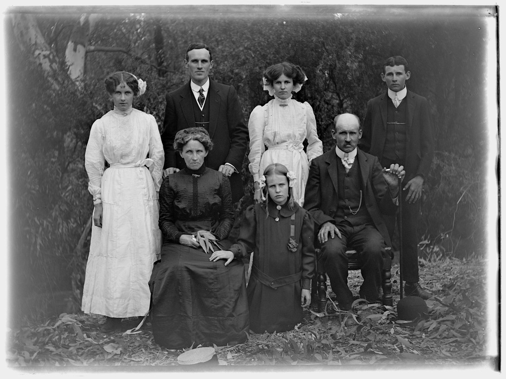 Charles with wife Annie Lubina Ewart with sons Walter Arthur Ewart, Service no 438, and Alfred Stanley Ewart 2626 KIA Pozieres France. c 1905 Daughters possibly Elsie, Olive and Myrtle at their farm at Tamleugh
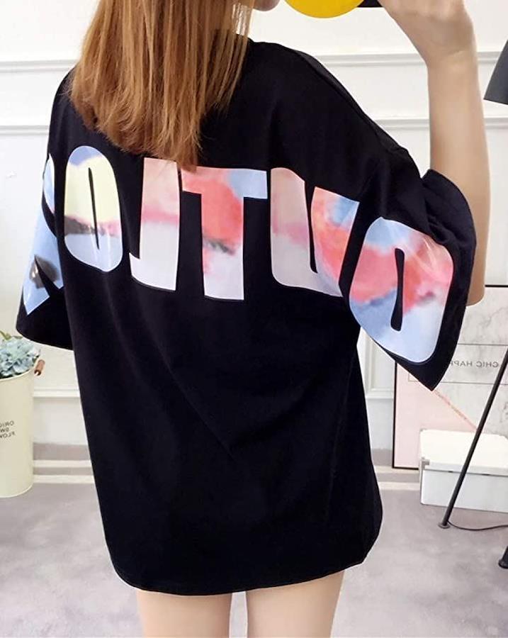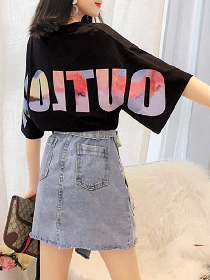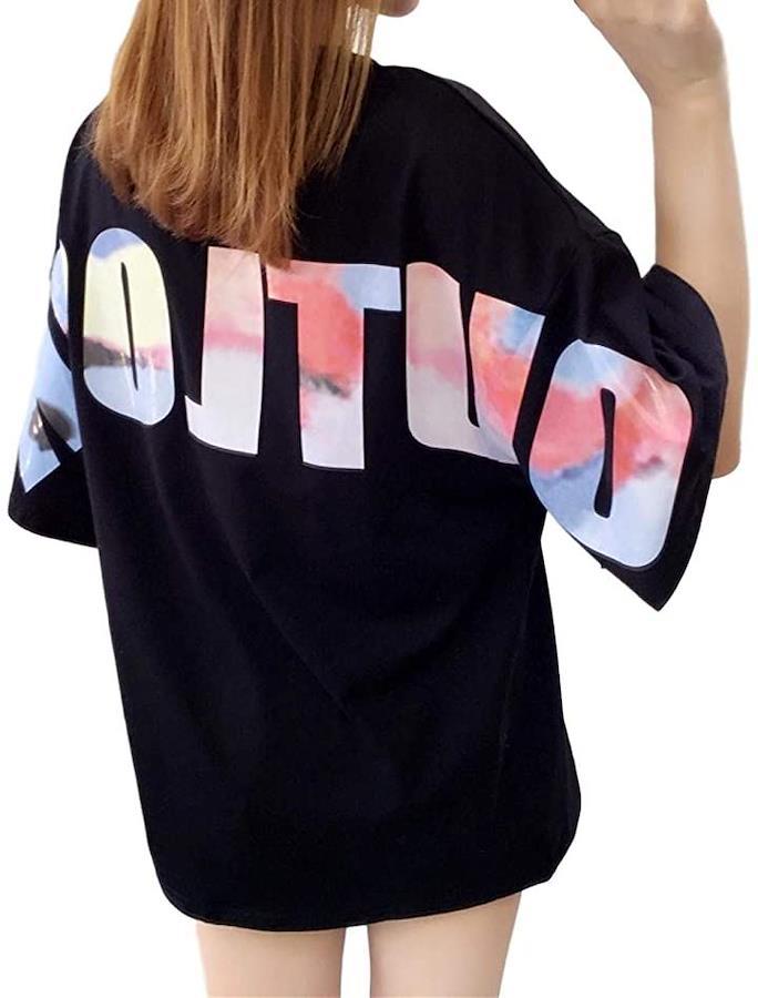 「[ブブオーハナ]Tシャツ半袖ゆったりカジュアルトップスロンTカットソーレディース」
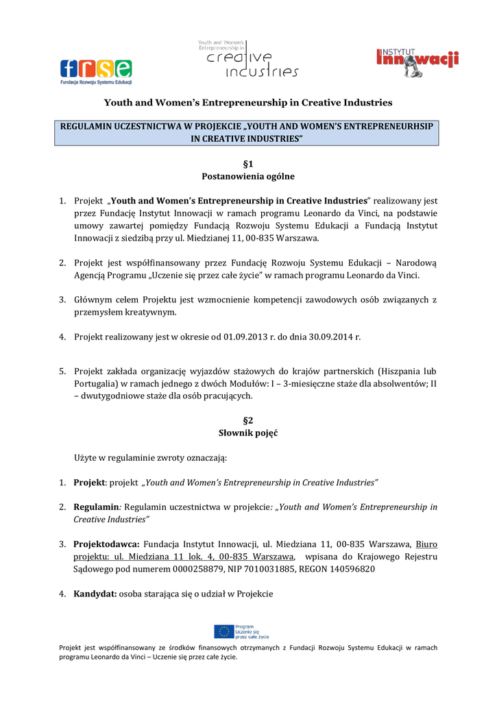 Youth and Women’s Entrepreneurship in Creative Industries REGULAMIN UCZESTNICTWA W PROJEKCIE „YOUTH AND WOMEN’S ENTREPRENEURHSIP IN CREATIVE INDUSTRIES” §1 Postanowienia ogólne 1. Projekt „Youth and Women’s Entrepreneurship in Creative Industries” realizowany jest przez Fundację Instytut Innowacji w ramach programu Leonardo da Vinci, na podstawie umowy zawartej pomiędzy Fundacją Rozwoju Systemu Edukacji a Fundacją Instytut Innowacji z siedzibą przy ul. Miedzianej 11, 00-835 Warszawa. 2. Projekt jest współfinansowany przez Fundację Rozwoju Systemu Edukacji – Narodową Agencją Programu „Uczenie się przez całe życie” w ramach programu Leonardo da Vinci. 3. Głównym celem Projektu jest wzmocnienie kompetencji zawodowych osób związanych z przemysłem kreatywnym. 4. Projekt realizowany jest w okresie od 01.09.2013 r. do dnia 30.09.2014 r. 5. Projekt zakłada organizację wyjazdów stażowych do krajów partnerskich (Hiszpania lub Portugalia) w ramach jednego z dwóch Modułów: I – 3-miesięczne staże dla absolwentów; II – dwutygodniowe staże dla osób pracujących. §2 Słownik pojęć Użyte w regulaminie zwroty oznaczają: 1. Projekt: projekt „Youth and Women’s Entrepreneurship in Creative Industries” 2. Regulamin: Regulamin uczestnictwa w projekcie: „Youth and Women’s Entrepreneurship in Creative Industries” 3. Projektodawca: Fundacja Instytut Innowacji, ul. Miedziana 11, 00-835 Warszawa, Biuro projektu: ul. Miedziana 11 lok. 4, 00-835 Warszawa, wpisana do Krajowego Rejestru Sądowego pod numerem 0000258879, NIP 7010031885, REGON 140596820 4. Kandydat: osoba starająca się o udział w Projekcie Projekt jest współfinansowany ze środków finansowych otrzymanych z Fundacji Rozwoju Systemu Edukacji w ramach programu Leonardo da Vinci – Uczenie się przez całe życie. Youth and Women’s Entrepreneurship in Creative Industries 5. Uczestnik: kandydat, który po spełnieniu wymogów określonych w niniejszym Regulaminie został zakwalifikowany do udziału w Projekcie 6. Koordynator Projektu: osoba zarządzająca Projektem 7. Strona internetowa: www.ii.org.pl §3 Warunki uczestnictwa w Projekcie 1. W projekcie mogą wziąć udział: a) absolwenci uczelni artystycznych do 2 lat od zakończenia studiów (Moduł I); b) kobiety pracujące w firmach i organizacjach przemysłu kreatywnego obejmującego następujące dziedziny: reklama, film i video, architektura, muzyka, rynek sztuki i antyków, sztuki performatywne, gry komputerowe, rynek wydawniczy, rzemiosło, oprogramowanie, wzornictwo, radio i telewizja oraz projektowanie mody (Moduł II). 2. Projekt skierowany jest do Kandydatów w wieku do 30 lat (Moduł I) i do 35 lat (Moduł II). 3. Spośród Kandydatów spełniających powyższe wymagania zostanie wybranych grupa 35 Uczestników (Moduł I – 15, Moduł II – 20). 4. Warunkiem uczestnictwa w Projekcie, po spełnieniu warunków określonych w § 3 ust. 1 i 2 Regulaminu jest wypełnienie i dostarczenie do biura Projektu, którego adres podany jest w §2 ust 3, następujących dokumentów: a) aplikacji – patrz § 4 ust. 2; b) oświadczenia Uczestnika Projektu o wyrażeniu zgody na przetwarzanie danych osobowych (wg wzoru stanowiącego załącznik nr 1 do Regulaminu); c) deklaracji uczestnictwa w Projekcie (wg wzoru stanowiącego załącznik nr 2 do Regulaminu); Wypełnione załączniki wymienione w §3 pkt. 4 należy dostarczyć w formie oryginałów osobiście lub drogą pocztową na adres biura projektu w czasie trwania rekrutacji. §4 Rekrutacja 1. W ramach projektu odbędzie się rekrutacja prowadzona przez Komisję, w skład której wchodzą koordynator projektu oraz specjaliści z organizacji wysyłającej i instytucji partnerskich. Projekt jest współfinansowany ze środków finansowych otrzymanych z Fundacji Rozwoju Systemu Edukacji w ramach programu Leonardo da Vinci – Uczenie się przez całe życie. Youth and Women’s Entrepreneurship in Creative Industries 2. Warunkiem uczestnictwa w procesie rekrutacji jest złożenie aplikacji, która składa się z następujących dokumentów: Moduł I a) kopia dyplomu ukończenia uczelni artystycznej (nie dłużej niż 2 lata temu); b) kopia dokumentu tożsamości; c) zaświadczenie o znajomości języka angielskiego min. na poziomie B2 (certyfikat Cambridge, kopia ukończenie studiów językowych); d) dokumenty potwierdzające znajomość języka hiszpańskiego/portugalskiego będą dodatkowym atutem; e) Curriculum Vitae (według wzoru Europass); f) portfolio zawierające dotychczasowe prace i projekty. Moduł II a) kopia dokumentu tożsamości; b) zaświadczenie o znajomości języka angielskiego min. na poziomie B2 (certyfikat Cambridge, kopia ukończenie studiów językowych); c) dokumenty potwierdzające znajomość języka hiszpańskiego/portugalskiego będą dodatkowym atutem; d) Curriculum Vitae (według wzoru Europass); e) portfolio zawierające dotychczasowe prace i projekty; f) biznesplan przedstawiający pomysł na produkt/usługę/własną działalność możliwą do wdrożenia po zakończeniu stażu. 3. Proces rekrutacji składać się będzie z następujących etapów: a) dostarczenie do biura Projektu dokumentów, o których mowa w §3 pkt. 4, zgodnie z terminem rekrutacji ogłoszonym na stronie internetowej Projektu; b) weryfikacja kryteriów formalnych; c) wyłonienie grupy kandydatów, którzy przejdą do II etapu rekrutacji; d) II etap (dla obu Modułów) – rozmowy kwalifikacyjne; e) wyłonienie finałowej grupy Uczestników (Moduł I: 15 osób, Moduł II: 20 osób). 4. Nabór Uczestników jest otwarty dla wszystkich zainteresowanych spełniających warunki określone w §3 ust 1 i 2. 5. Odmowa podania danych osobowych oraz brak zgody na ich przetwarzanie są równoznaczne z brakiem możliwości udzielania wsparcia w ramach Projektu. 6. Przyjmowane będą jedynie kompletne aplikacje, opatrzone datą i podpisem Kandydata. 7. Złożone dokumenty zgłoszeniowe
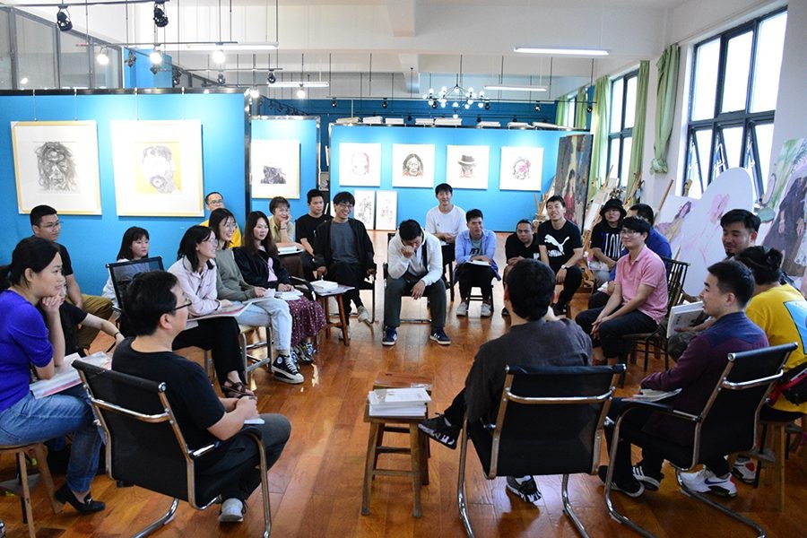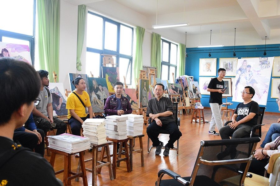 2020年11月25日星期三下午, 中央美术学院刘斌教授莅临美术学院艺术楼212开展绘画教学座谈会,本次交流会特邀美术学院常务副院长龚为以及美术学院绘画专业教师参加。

______

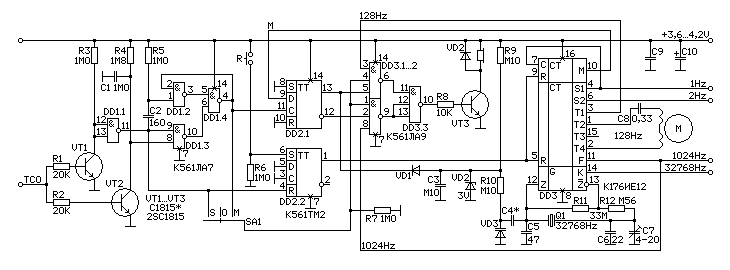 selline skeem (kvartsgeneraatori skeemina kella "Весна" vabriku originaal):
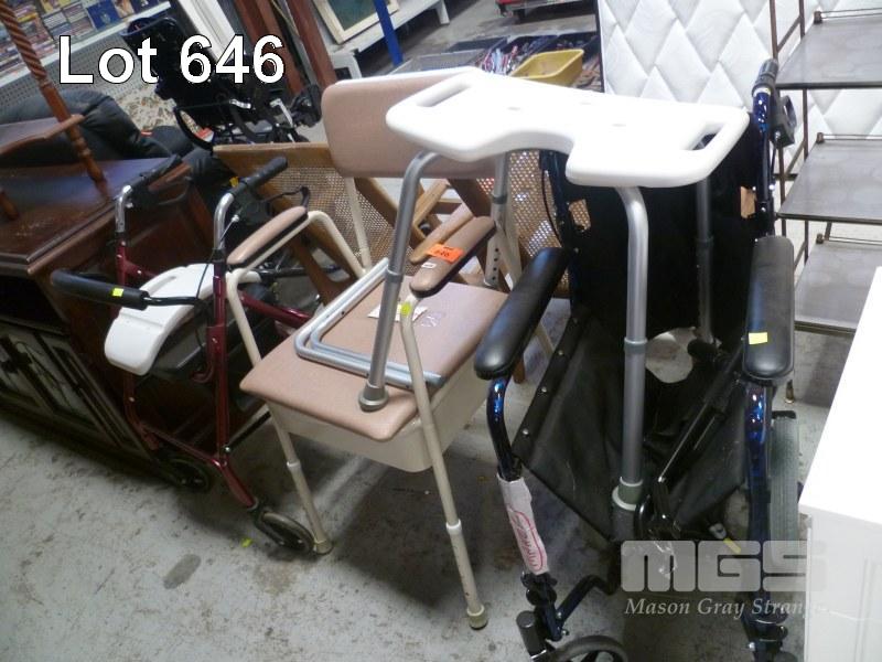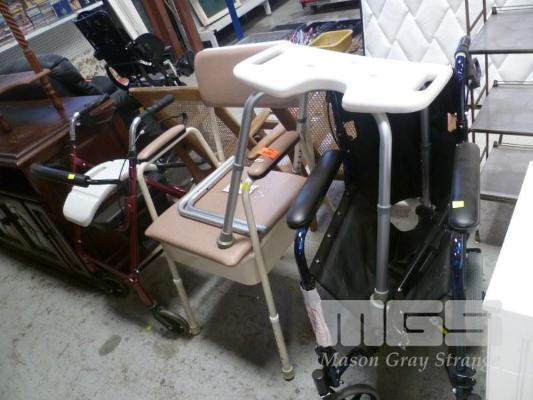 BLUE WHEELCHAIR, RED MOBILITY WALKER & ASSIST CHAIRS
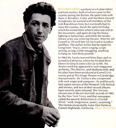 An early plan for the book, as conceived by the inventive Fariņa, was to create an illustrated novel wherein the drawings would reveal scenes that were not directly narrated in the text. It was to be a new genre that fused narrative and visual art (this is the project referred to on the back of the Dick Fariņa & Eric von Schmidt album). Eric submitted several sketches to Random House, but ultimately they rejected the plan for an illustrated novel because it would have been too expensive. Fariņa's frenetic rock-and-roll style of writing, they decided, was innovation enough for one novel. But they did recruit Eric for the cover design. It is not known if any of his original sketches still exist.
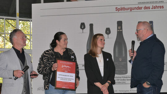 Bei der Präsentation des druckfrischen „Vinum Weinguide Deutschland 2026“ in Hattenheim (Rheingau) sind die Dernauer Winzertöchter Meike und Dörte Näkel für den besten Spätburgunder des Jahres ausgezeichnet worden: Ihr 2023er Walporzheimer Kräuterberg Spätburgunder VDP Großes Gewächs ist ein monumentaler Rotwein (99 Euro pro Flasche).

______

## Activity
Working from the data above, repeat exactly, and only, the lines that begin at the line containing "An early plan" and stop after the line containing "Bei der Präsentation"; pictures are not copied.

## Your solution
 An early plan for the book, as conceived by the inventive Fariņa, was to create an illustrated novel wherein the drawings would reveal scenes that were not directly narrated in the text. It was to be a new genre that fused narrative and visual art (this is the project referred to on the back of the Dick Fariņa & Eric von Schmidt album). Eric submitted several sketches to Random House, but ultimately they rejected the plan for an illustrated novel because it would have been too expensive. Fariņa's frenetic rock-and-roll style of writing, they decided, was innovation enough for one novel. But they did recruit Eric for the cover design. It is not known if any of his original sketches still exist.
 Bei der Präsentation des druckfrischen „Vinum Weinguide Deutschland 2026“ in Hattenheim (Rheingau) sind die Dernauer Winzertöchter Meike und Dörte Näkel für den besten Spätburgunder des Jahres ausgezeichnet worden: Ihr 2023er Walporzheimer Kräuterberg Spätburgunder VDP Großes Gewächs ist ein monumentaler Rotwein (99 Euro pro Flasche).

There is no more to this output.